The first change to consider is that what before was simply the selector
, it is now a keyword message with the formal arguments. This can be simply accomplished with the help of the smalltalk
compiler, so I will not go in detail here. We will just assume that self selector
will answer with the signature of the method (i.e., 'keyword1: arg1 keyword2: arg2'
…).
Since the source code will be now a bit more complex, I will use the #streamContents:
constructor.
template
| arguments processor |
arguments := self arguments.
processor := ParametricString from: self body tokens: arguments.
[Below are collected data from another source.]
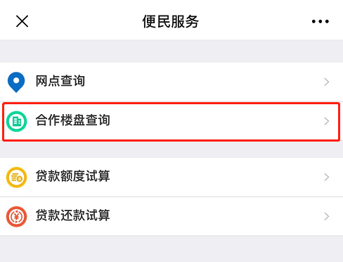四、点击“合作楼盘查询”选项
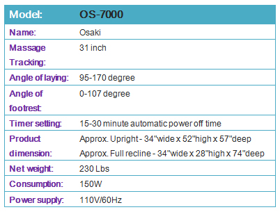 | Extra Long Vertical massage range - Most massage chairs are limited to 29 - 30 inches in vertical motion. The OS-7000 boasts a 31 inch range, reaching the lower tailbone area. |
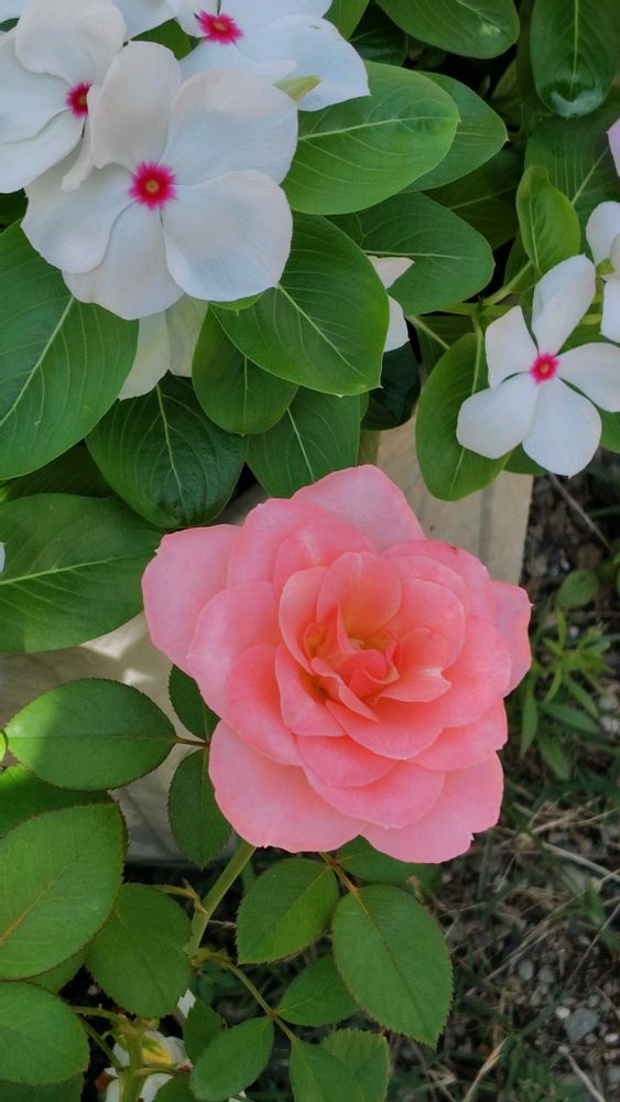 3本あってそれぞれ違う花が咲いているような🥰🩷🩷🩷日日草と一緒に📸
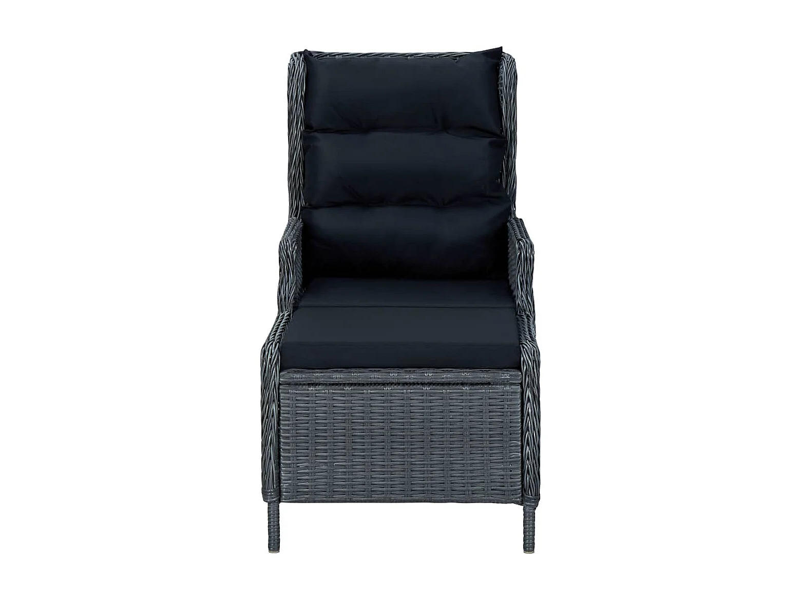 Silla de jardín reclinable y taburete de resina tejida gris oscuro
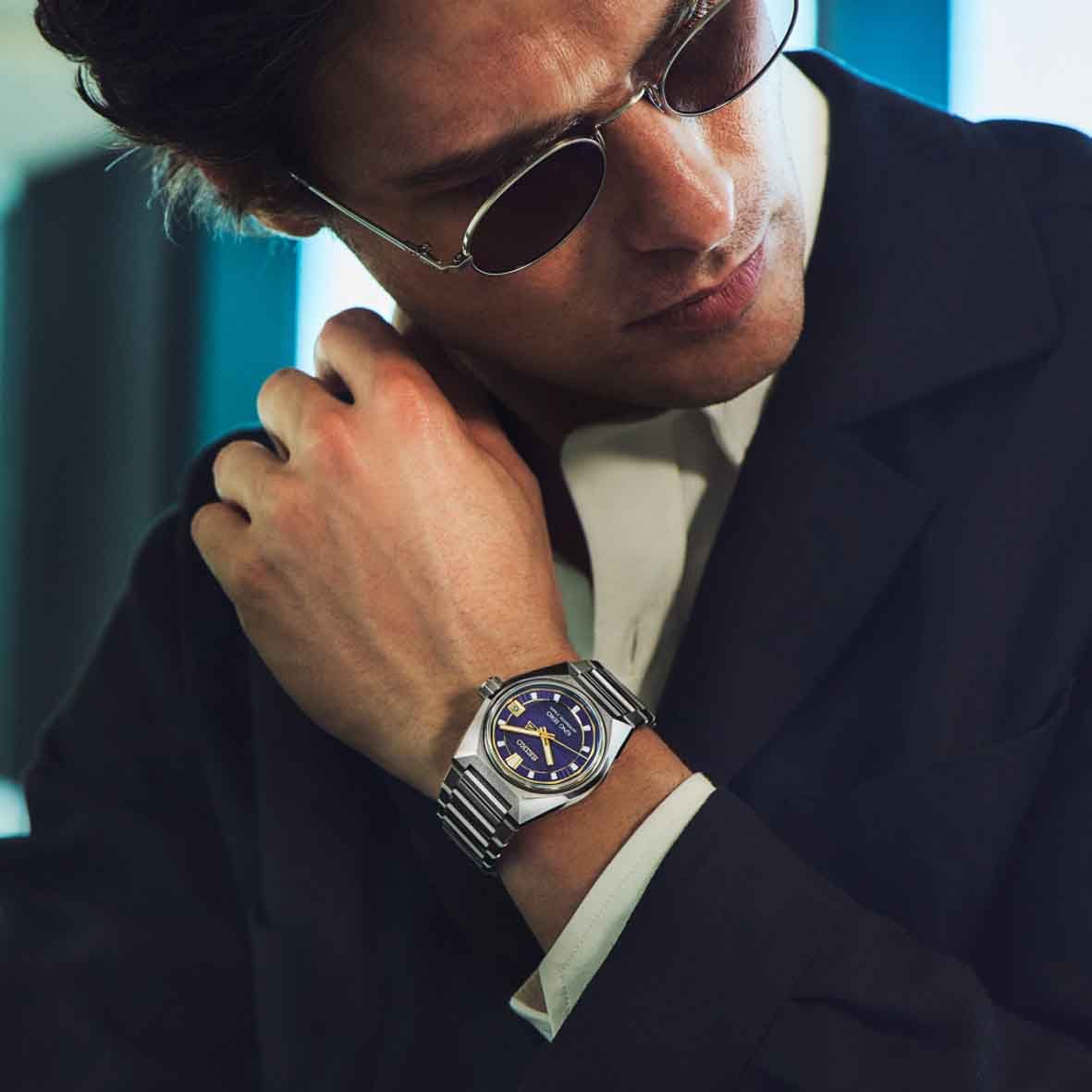Son bracelet en acier inoxydable, équipé d’un fermoir à boucle déployante avec ouverture par bouton-poussoir, assure un maintien confortable et sécurisé.
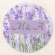 Diese runden Untersetzer mit weicher Lavendel und grün inspiriert von der Schönheit der ländlichen Lavendel Blume haben einen Platz für individuelle Name für Ihre Hochzeitsfeier.
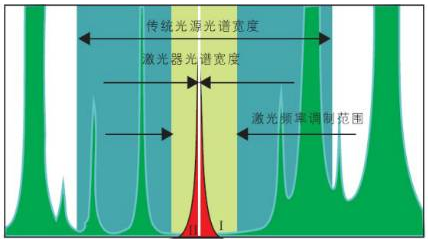 频繁(橙红色:被测空气 绿色环保:其它的空气) 图 4 “单线光谱图”在测量道理图      TDLAS算作一种生活深入进行分析气味的新技巧,会因为半导体设备脉冲机光光谱仪仪大小远大于气味消化谱线的大小,往往TDLAS就是种生活高分数辨率的光谱仪仪消化技巧。与红外的气味深入进行测试仪想必,脉冲机光未受H2O、CO2及焊接烟尘的影晌,自动测量更精确性,识别率高,使用期更长。
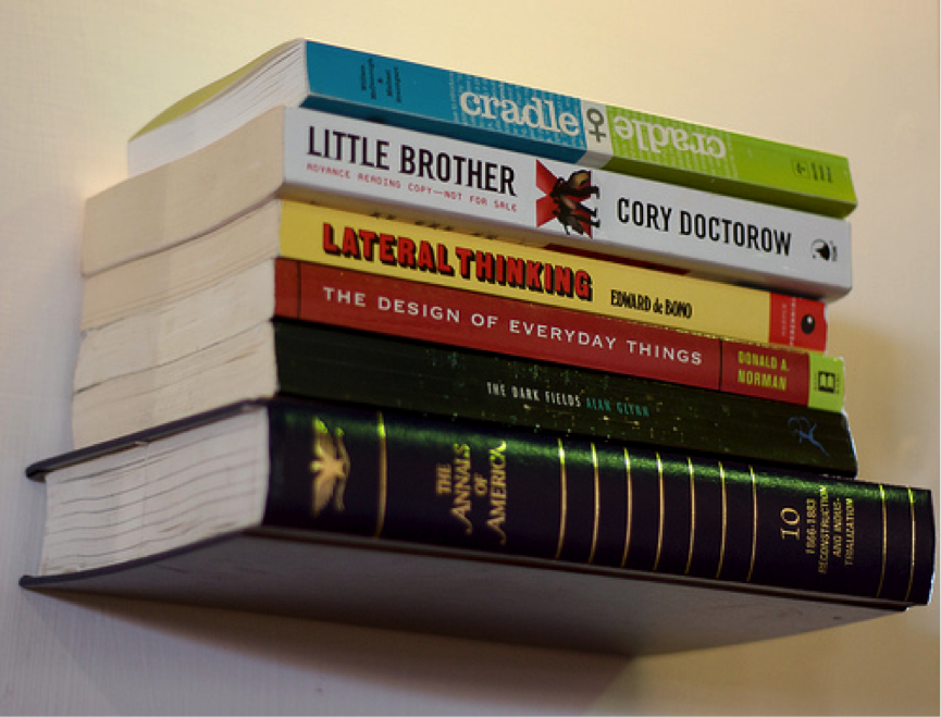 the hang of DIY, and since the drilled holes and nails are hidden by the books
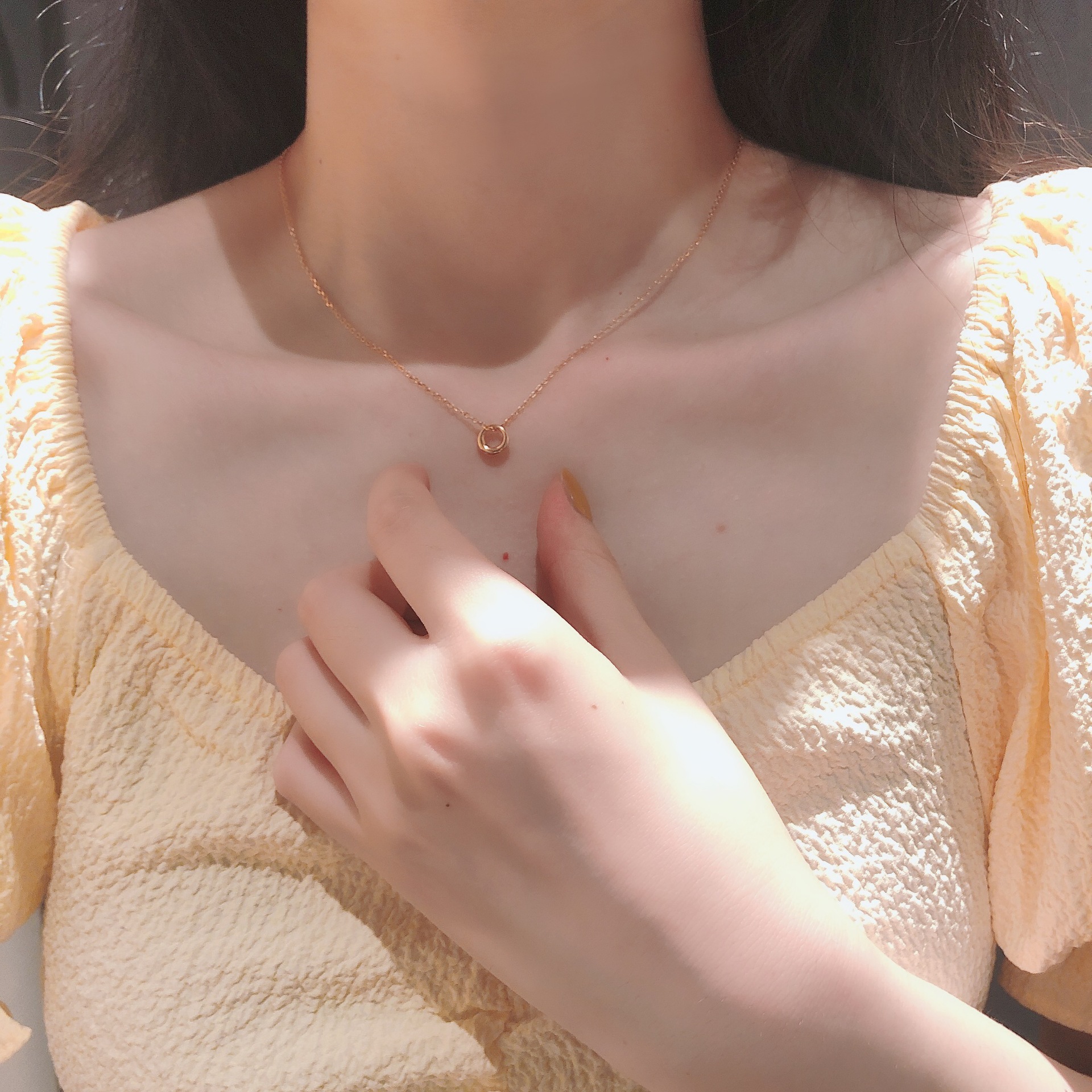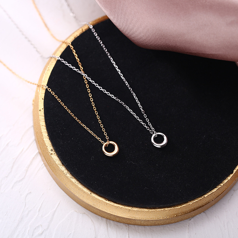 CaringKiss necklace 925 sterling silver new geometric circle necklace female ins simple niche design clavicle chain
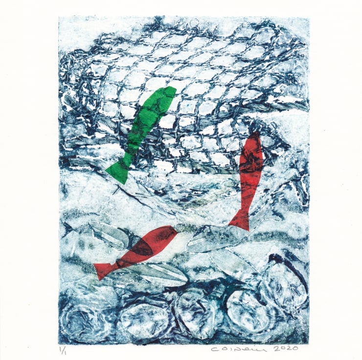 I produced this collagraph plate entirely out of plastics which would normally have been thrown away. The rocks at the bottom are made from blister packs, netting from tangerines, tooth paste tubes,
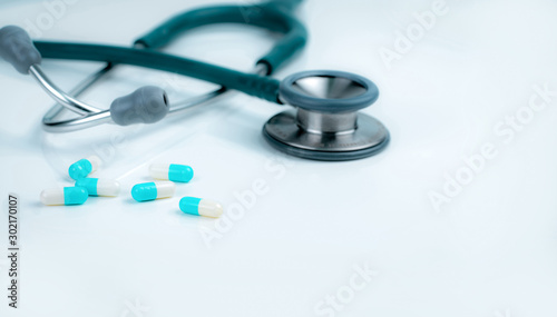 Stethoscope and blue-white capsule pills on doctor table or nurse desk. Health checkup. Medical healthcare and medicine background. Physician tool for patient diagnosis. Cardiology doctor equipment.
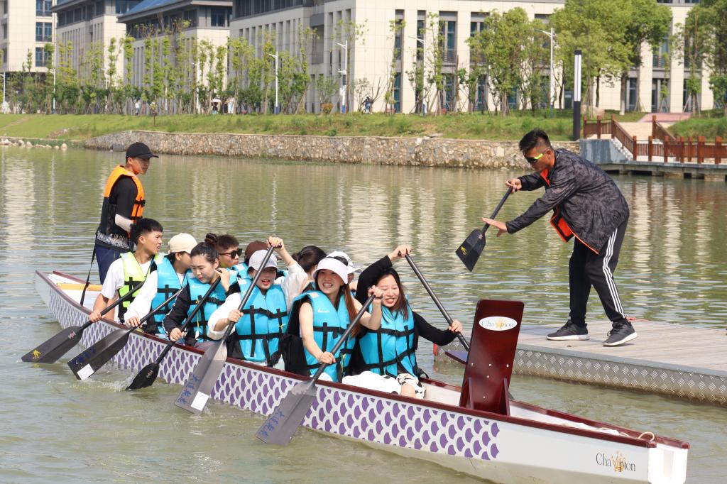 在此次比赛中,师生们分成教工队、研究生队及本科生队进行比拼。参赛选手们在赛前只有进行了强化训练,才能被允许进入正式的龙舟对抗赛。每一条龙舟上都配有一名舵手、一名鼓手以及10至12名划手。随着鼓声敲响,选手们挥动船桨,喊起口号,与队内成员们默契配合、方向一致,使整条龙舟“乘风破浪”、快速前进。浅绿色的龙舟、各色的救生衣与多彩的赛道设置成为校园中一道亮丽的“风景线”。

^String streamContents: [:strm |
strm
nextPutAll: self selector;
crtab;
nextPutAll: '| ast |';
crtab;
nextPutAll: '#code.';
crtab;
nextPutAll: '#parser.';
crtab;
nextPutAll: 'ast := #parser parse: (#code expandWith: '.
arguments
do: [:arg | strm nextPutAll: arg]
separatedBy: [strm nextPutAll: ' with: '].
strm
nextPutAll: ').';
crtab;
nextPutAll: '^ast format']
A key remark here is that in order to connect processor
with: #code
we need to make sure we plug the processor
in the first literal slot, where #code
acts as its placeholder. This is achieved by a modification to the #compile
method we saw in Task 3. Instead of sending ast format
as the argument of foreignCode:
we need to send
ParametricString from: code tokens: self arguments
Final words
As always, the code presented here is just a sketch of the actual code, which might end up being a bit more complex (but not too much!). Also, there are lots of details in my description for which I haven’t included any code at all. The reason is two-fold. Firstly, my goal is to provide a roadmap rather loadable code. Secondly, I don’t want to capture all the fun just for myself.